I presunti elettori non cittadini

Il presidente ha inoltre sostenuto che almeno 278 mila persone prive della cittadinanza americana risulterebbero iscritte nelle liste elettorali.

Il dato deriverebbe da una verifica parziale effettuata dal Dipartimento per la Sicurezza interna sui registri di alcuni Stati. Non è stato però chiarito quante di queste persone abbiano realmente votato né se tutte le registrazioni individuate siano effettivamente irregolari.

Gli studi indipendenti condotti negli ultimi anni indicano che il voto illegale dei non cittadini esiste, ma rappresenta un fenomeno estremamente raro e non risulta avere modificato l’esito di elezioni nazionali.

Il ritorno sul voto del 2020

Gran parte dell’intervento è stata dedicata alle presidenziali vinte da Joe Biden nel 2020. Trump continua a sostenere che quel voto sia stato manipolato, nonostante riconteggi, verifiche amministrative e numerosi procedimenti giudiziari non abbiano accertato frodi diffuse tali da cambiare il risultato.

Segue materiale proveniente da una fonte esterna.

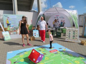 Rodzina Pomorskich wędruje po województwie nie tylko z wystawą. Od kilku tygodni bierze udział także w różnych piknikach, festynach i wydarzeniach. Wspólnie z Pomorskimi można zagrać w wielkoformatową grę planszową na temat bioróżnorodności, układać puzzle, rozwiązywać rebusy i zagrać w koło fortuny oraz edukacyjne gry karciane na temat podstawowych zasad gospodarki odpadami.
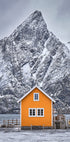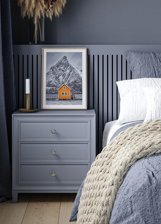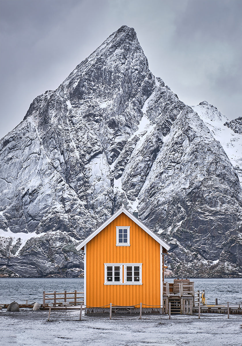 Dieses eindrucksvolle Poster von Hamed Bank zeigt eine einsame gelbe Hütte an einer nordischen Küste, umgeben von schneebedeckten Bergen und einem dunkelblauen Meer. Dramatische Wolken ziehen über den Himmel, während das Winterlicht den Kontrast zwischen der warmen Farbe des Hauses und der kühlen, frostigen Landschaft betont. Eine ruhige, rohe und zeitlose Szene, die zum Nachdenken einlädt.

Le accuse sulla presunta elezione rubata alimentarono la mobilitazione culminata nell’assalto al Congresso del 6 gennaio 2021.

I critici del presidente temono che il nuovo intervento possa servire a delegittimare in anticipo un’eventuale vittoria democratica nelle elezioni di novembre o a giustificare un maggiore controllo federale su procedure che la Costituzione affida principalmente ai singoli Stati. Reuters osserva che diverse conclusioni dell’intelligence e diversi studi indipendenti contraddicono alcune delle affermazioni avanzate dal presidente.

La replica di Newsom

Immediata la reazione del fronte democratico. Il governatore della California Gavin Newsom ha ricordato che le frodi elettorali sono molto rare e ha accusato Trump di voler creare sfiducia nel sistema prima delle elezioni di metà mandato.

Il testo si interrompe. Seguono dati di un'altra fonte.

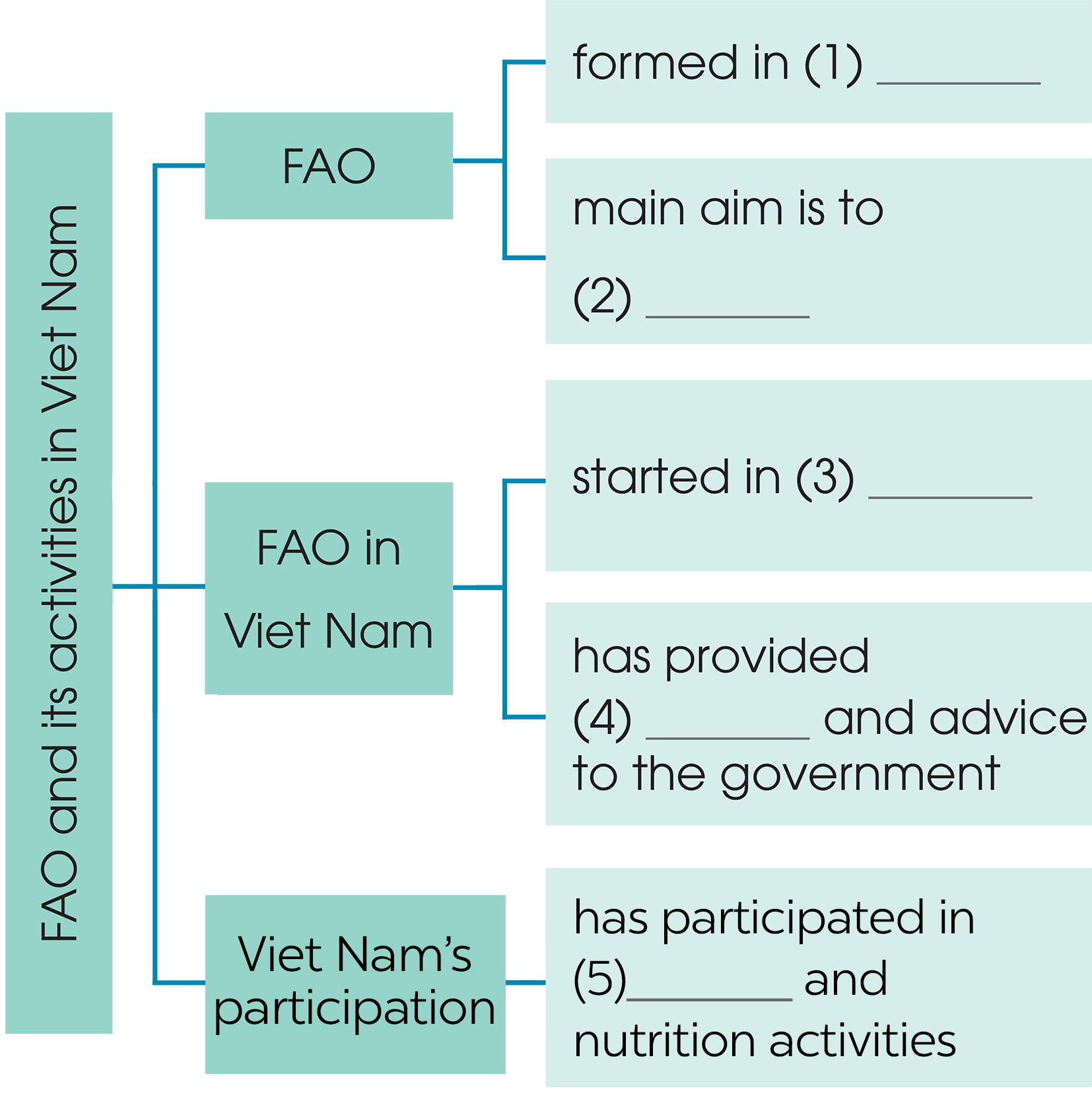 1. Listen and complete the conversation with the expressions in the box. Then practise them in pairs. 2. You want to invite a friend to join you in an activity. Work in pairs. Make similar conversations like the ones in 1. Use the useful expressions below to help you. 1. Read the text below and complete the diagram. 2. Work in pairs. Use the diagram in 1 to talk about FAO and its activities in Viet Nam.

Anche il senatore democratico Alex Padilla ha sottolineato che riconteggi, controlli e decine di cause giudiziarie non hanno prodotto prove di una frode elettorale generalizzata nel 2020.

Le televisioni dividono la diretta

Il discorso ha provocato tensioni anche nel sistema dei media americani. Fox News lo ha trasmesso integralmente, mentre CBS ne ha mandato in onda soltanto una parte, interrompendolo per inserire analisi e verifiche giornalistiche.

ABC, NBC e CNN hanno scelto di non trasmetterlo in diretta sui loro principali canali televisivi, pur rendendolo disponibile in streaming o sulle piattaforme digitali. Le emittenti hanno valutato il rischio di diffondere in diretta affermazioni non comprovate.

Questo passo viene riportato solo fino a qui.